**SUPPLIED INFORMATION**
********************

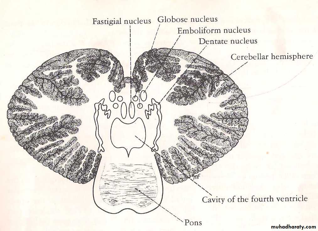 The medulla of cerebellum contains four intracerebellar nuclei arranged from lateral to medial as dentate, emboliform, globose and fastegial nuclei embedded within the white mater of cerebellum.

********************

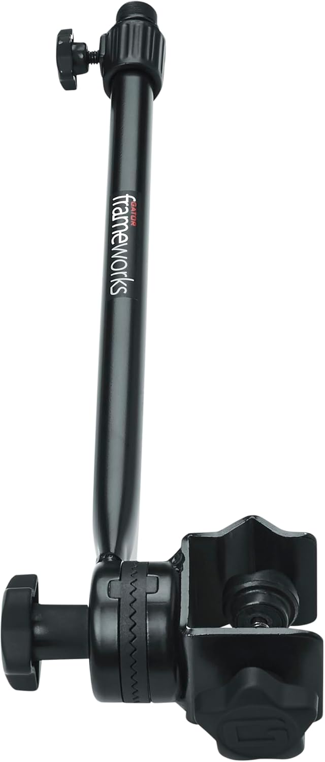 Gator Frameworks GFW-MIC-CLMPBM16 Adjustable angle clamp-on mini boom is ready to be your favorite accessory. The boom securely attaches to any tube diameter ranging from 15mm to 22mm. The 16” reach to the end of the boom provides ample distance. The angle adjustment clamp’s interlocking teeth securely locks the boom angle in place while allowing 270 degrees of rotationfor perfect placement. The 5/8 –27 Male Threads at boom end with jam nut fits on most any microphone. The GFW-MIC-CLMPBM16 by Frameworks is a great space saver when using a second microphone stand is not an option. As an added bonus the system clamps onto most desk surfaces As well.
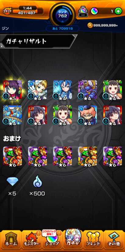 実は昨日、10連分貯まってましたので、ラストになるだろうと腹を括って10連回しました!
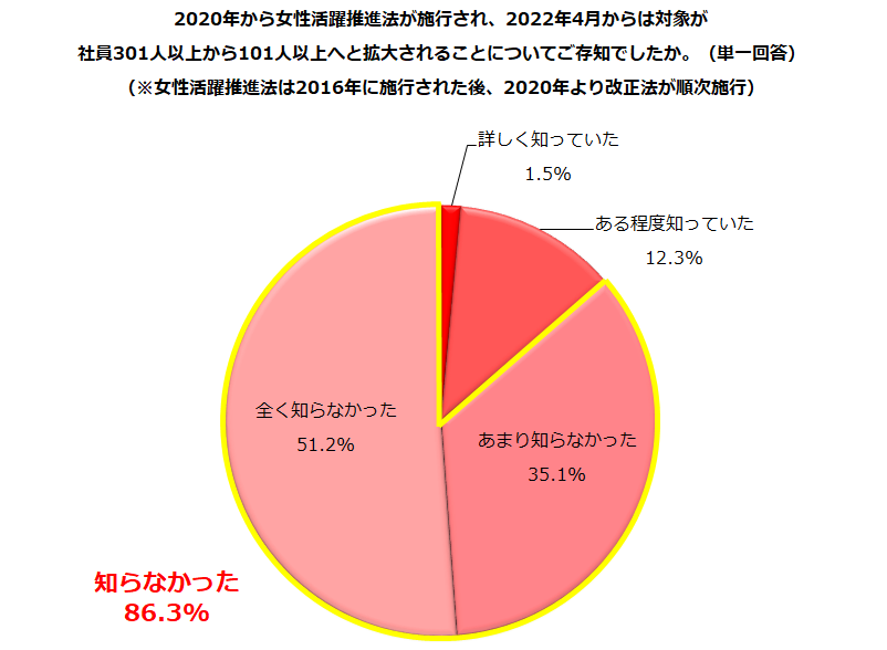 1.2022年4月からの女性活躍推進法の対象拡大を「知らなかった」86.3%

********************

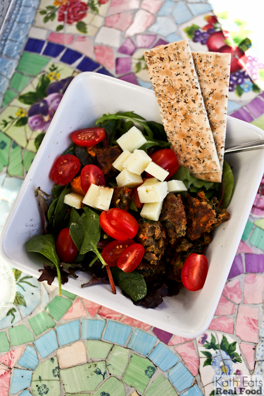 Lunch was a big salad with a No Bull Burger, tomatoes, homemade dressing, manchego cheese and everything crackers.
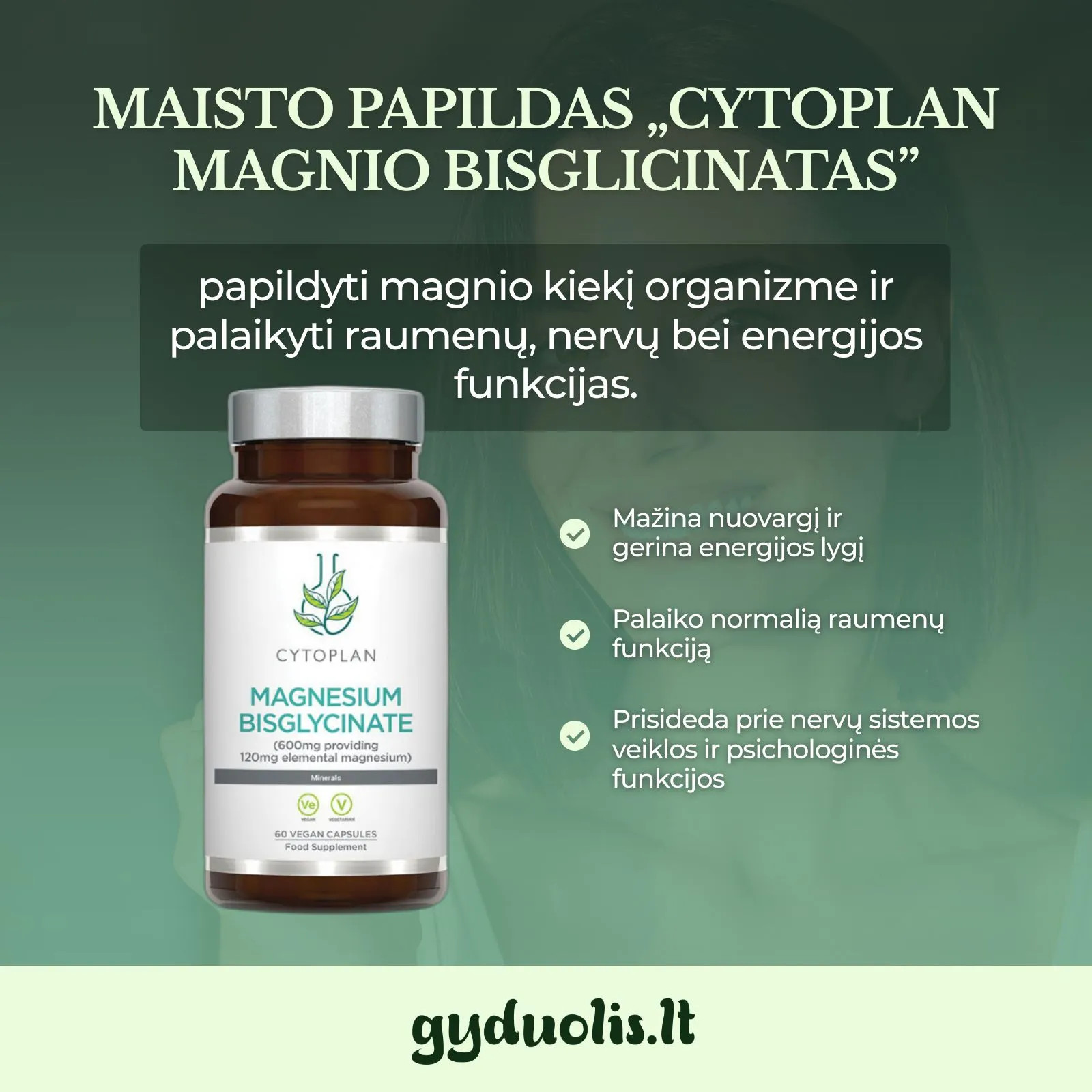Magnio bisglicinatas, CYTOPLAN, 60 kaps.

********************

**EXERCISE BRIEF**
What are the lines in the records above, word for word, from the one containing "Lunch was a" through the one containing "Magnio bisglicinatas, CYTOPLAN, 60 kaps.", both ends included and pictures left out?

**SOLVED PROBLEM**
 Lunch was a big salad with a No Bull Burger, tomatoes, homemade dressing, manchego cheese and everything crackers.
Magnio bisglicinatas, CYTOPLAN, 60 kaps.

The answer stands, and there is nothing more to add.